Hope House currently operates in the red, Ekholm said, and stays afloat in part because she and her husband are not paid. The home is seeking nonprofit status and Ekholm believes small, specialized group homes can be self sustaining on the island if managed properly.

Many family members of Serenity Court residents say they were bewildered to hear that the large group home, which seemed to function well, was now considered an obsolete model for care.

They say their loved ones are comfortable in the old house above Lynwood Center. They like that there are shops and theaters in safe, easy walking distance from the home. They like the community feel at Serenity, where residents have a varied social life. And they especially appreciate the large staff that provides 24-hour care.

Some family members disagree that smaller homes would be a better alternative to Serenity Court.

Jessi Katz, whose brother Clifford has lived at Serenity for six months, said she was staggered with news the home would be divided.

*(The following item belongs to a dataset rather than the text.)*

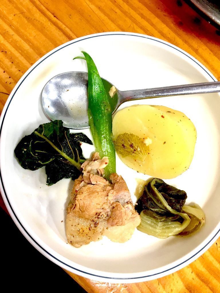 馬鈴薯竟然是Q的! 而且有馬鈴薯特有的一種新鮮香氣,我猜他先蒸過才放到湯裡,除了香,口感好,形狀也沒化掉。 ,這個馬鈴薯讓我們深深著迷,但兩人份這一鍋馬鈴薯只有4塊QQ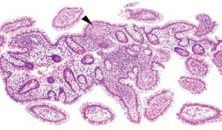 Figure 3.59 Acute ileitis pattern, granuloma, Crohn disease. This sneaky granuloma is almost miss-able on low power (arrowhead). This biopsy originated from a patient with a history of Crohn disease and scattered mucosal granulomata were seen throughout representative upper and lower gastrointestinal tract biopsies.

“If they can stay on the island, that’s a good thing, but they are still splitting up a family,” Katz said. “It just feels like an ambush. I just don’t know where to go from here.”

When Linda Voigt, the sister of Serenity resident Jack Norris, heard that the house might close, she considered moving her brother closer to her home in Renton.

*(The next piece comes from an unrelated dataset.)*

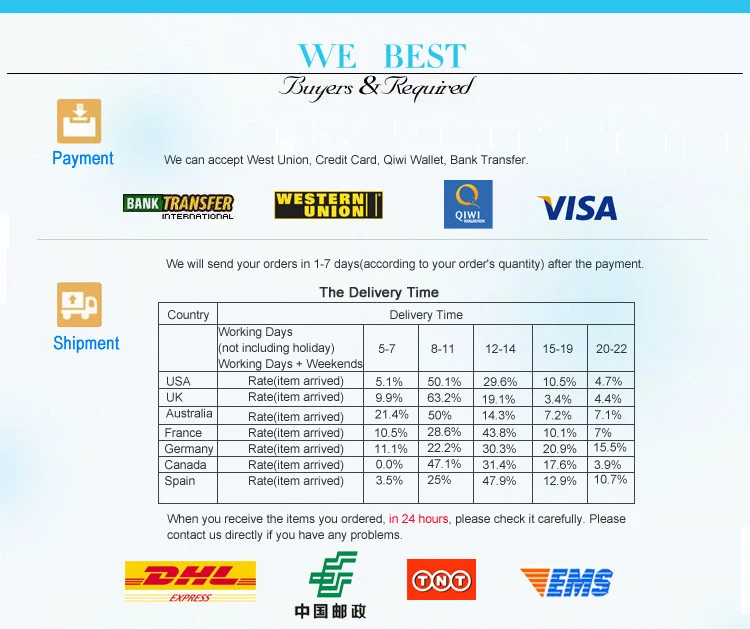 If you wish to get the merchandise quicker,please contact us to pay extra freight, we will give you the next quicker and cheaper delivery methods: UPS , DHL , Fedex , TNT , DEPX , EMS . By way of these methods, you will get the merchandise inside about 5-7 enterprise days.

“I’ve looked at some other homes. It would be nice to have him close, but they’re not as good as Serenity,” Voigt said. “If he could move in with people he knows from Serenity he would still have that support he has on Bainbridge Island.”

Voigt said she has been working with DDD to find options for housing, and hopes Norris can stay on the island. But she is not convinced that an adult family home will provide better care for her brother.

Voigt said Norris likes having his own space while being surrounded by a familiar community.

“It’s more like normal life than adult family homes,” Voigt said.

The future is also uncertain for Serenity’s longtime staff members.

They have been writing letters asking that the house be kept intact, and hope more islanders will speak up in support of the residents and home.

Boyce, who works nights at Serenity, said she has been frustrated by a lack of information regarding the home’s closure.

“There are too many rumors flying around, and we’re all upset because we’ve all been here a very long time,” she said.

Boyce said it is unclear to the staff why Serenity should be closed in favor of smaller homes, and why the aging building can’t simply be retrofit to meet safety standards.

Moreover, she said, the employees and residents should have been told sooner that their home was in trouble.

“The residents are upset, the families are upset and the staff is upset,” Boyce said. “There are a lot of questions that need to be answered by someone.”